Why the campus rape doc ‘The Hunting Ground’ is so important—and so controversial
I saw close to 20 movies this past January at Sundance. The films I saw were extraordinarily crafted, deeply moving and undeniably important. Still, none of the other movies I saw shook me to my very core like The Hunting Ground, a documentary that explores the epidemic of sexual assault on American college campuses.
The doc follows several survivors of assault, women (and a few men) who attend or have attended a variety of colleges and universities—Ivy Leagues, big state schools, small liberal arts schools—as these survivors work to advocate for themselves and see justice served. These young women differ in so many, many ways and their schools differ in so many, many ways, but the one thing these girls sadly have in common is that their schools all seemed to have deliberately obstructed justice. As the documentary portrays the problem, 1 in 5 women will be sexually assaulted while attending college, yet the tiniest fraction of their assaulters will be brought to justice because colleges and universities are prone to silence these women rather than acknowledge the severity of the campus rape problem, and thus see admissions and donations drop. The movie makes the claim that rape is a problem for virtually all campuses, but chancellors and administrations would rather stick their heads in the sand and ignore the problem rather than taking real action and risking backlash.
The Hunting Ground has been in theaters for about a week now in Los Angeles and New York. It’s also set for a tour of college campuses that will accompany its national rollout. As the film ramps up, it has come up against its fair share of pushback.
In a review that Emily Yoffe wrote for Slate, she deems the documentary “…a polemic that—as its title suggests—portrays young women as prey, frequently assaulted and frequently ignored by their universities and law enforcement when they try to bring charges” and takes the doc to task for being a film that “…traffics in alarmist statistics and terrifying assertions, but fails to acknowledge both the recent changes in the way the government and universities approach sexual assault charges and the critiques that those changes go too far. By refusing to engage the current conversation about this issue, the film does its subjects—and us all—a disservice.”

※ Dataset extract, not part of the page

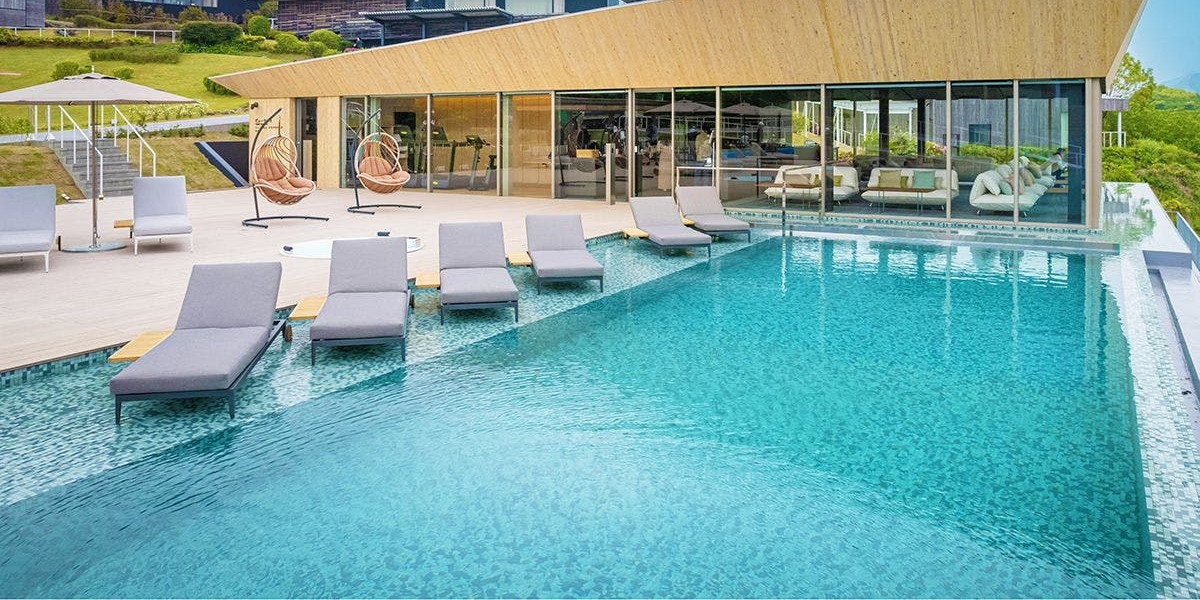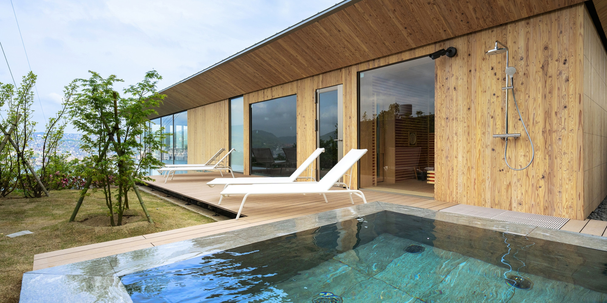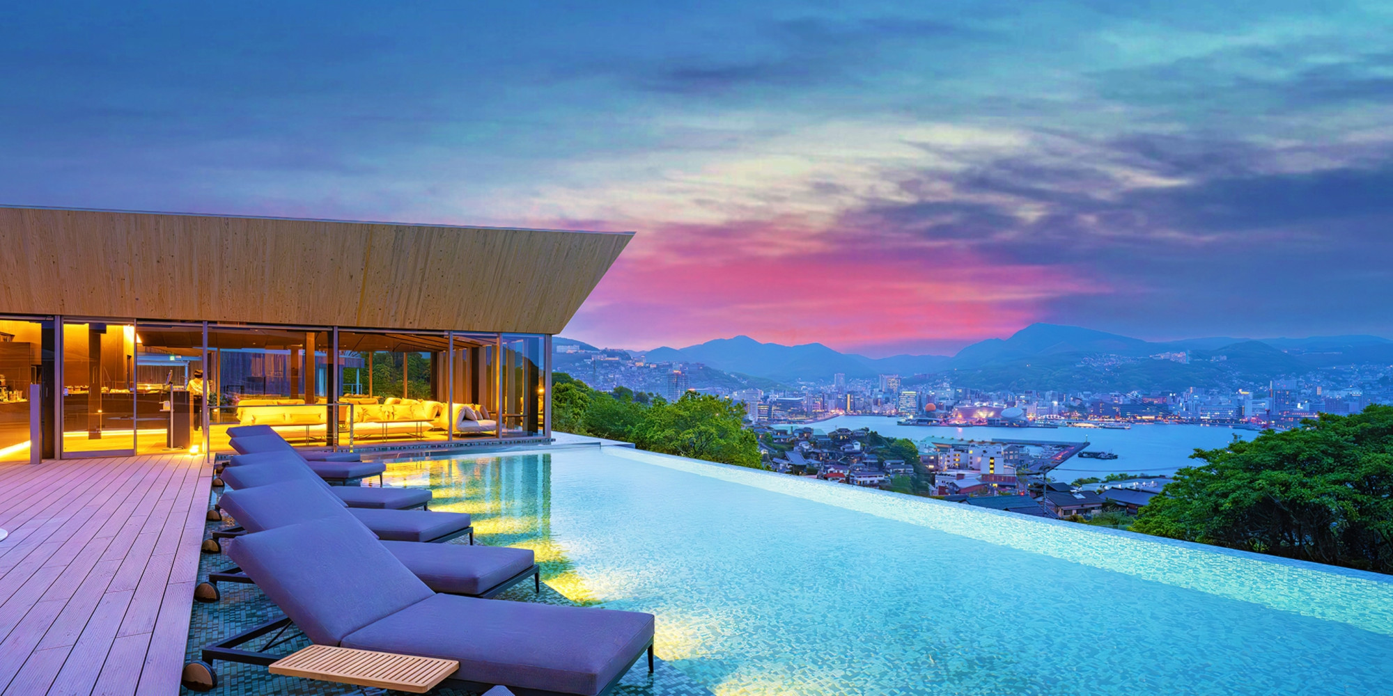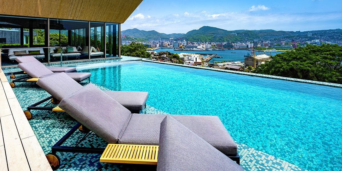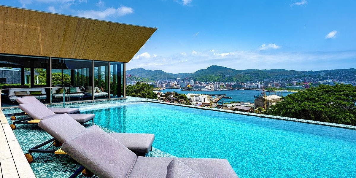 長崎港や市街地の街並みを望む全長20メートルのインフィニティプール。

Meanwhile, one of the tentpole stories of the documentary, Florida State University student Erica Kinsmann’s alleged assault at the hands of FSU football star Jameis Winston, is being hotly contested by FSU President John Thrasher, claiming the school was not given the opportunity to present their side of the story, a charge Hunting Ground director Kirby Dick firmly denies.
“The university had months to respond to the letter we sent President Thrasher in which we wrote that our film would examine how FSU was dealing with issues they had encountered regarding sexual assault and asking how it was responding to the crisis,” Dick told The Washington Post. “This was a similar correspondence — in content and timing — that all colleges and universities featured in the film received. . .We kept the film open (for edits) until February 19th in the hopes that President Thrasher and other presidents would come forward. It’s unfortunate because we would have welcomed including President Thrasher or another FSU official in the film.”
The director added that“Rather than attack the messenger, President Thrasher should show leadership and focus on the problem that has existed on his campus for decades.”
The back-and-forth between the documentary makers and its detractors eerily resembles the “he said, she said” conflicting testimonies that so frequently arise in the wake of a reported rape. When everyone claims to be reporting the facts, and the facts conflict, it can be difficult, if not outright impossible to decide who to believe.
Still, I can’t stop thinking of the girls featured in this documentary, how their throats closed up and their eyes filled with tears as they described their assaults. I don’t think The Hunting Ground is telling the whole story of rape on college campuses, and I don’t think the filmmakers are trying to tell the whole story. It’s too enormous and unwieldy, it wouldn’t fit into the two-hour time frame of a movie. What I do think these filmmakers are doing is telling a necessary story. Campus rape is not only devastating, it’s an epidemic, and it needs to be stopped. I think we can all at least agree on that.